A satisfying journey through the health care system
The Institute’s health care model will make the patient’s journey through the public health care system satisfying and successful. Key steps along the way:
- Patient begins medical journey with visit to family physician.
- Family physician refers patient to a central assessment, diagnosis and treatment clinic specializing in bone and joint health care.
- Clinic determines required treatment such as physiotherapy, medication, surgery, lifestyle change or a combination of these.
- Patients requiring surgery given access to performance data – such as cases handled, post-operative length of stay, pain and function outcomes, device failures, health complications and readmissions – on all bone and joint focused facilities in Alberta. Patient compares performance against provincial standards and chooses focused facility.
- Clinic assigns case manager to patient. Case manager assembles required care team – physicians, nurses, therapists and educators – to deliver individualized care from initial consultation with specialist through to surgery, rehabilitation and, if necessary, lifestyle change.

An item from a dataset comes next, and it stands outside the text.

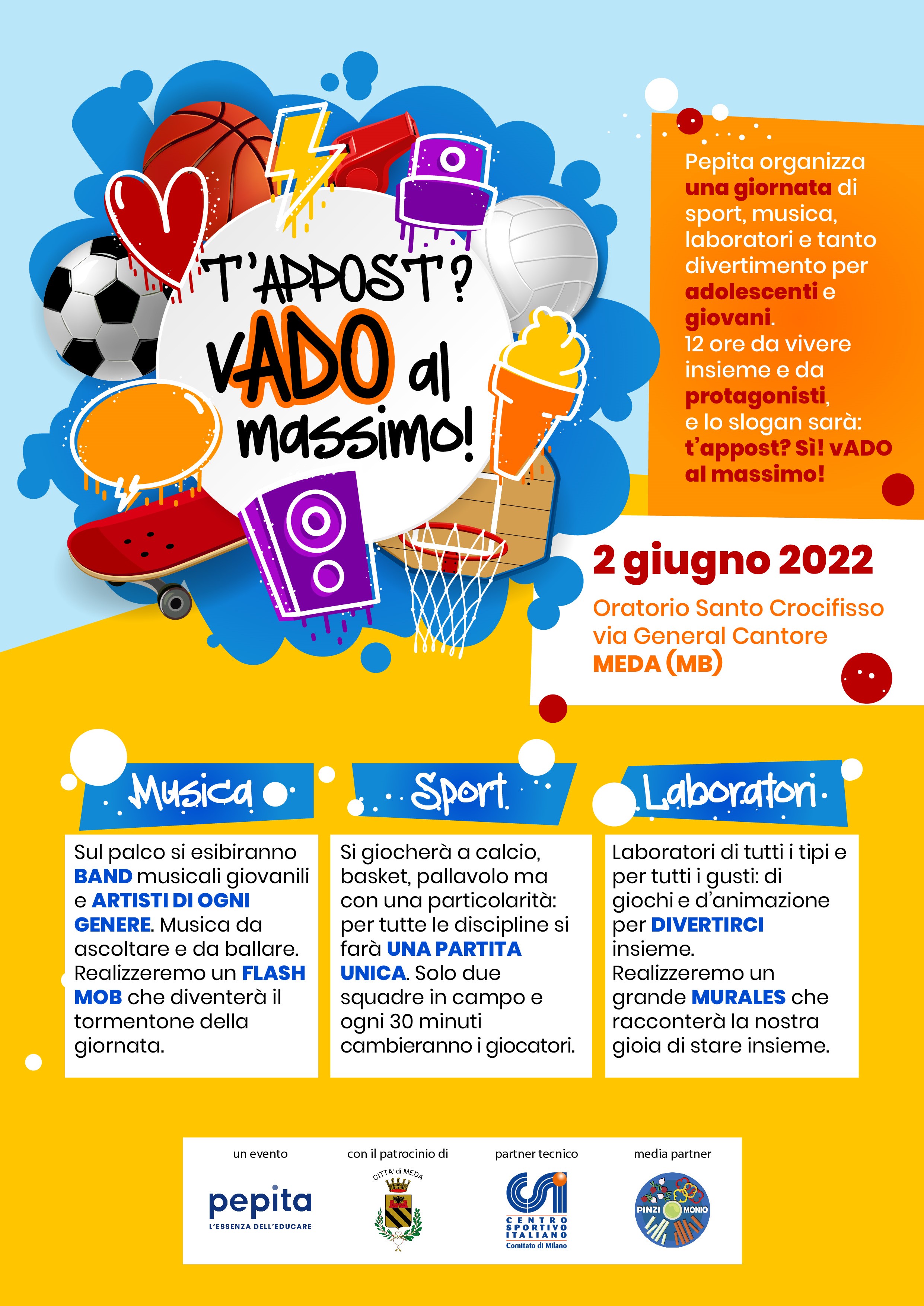 La società cooperativa sociale Pepita onlus organizza un evento sportivo, una no stop di 12 ore di competizioni di diverse discipline quali il calcio, il basket ed il volley oltre a momenti conviviali e di aggregazione, di socializzazione e lavori di gruppo, di performance artistiche quali concerti musicali, murales, teatro, animazione varia e che vedrà coinvolti ca 900 adolescenti medesi e di altre realtà locali.

- Patient and care team enter into contract specifying what each party must do to achieve optimal results. Example: Patient commits to stop smoking and commence monitored exercise program to increase strength prior to surgery. Care team commits to coaching patient toward goals, to surgery date and home care aid.
- Consultation, surgery, therapy, education, follow-up scheduled to meet or exceed provincial standards.
- Care team works as unit through entire patient journey to share case information and deliver optimal results.
- Case results entered into central database to track and report on focused facility performance against provincial standards.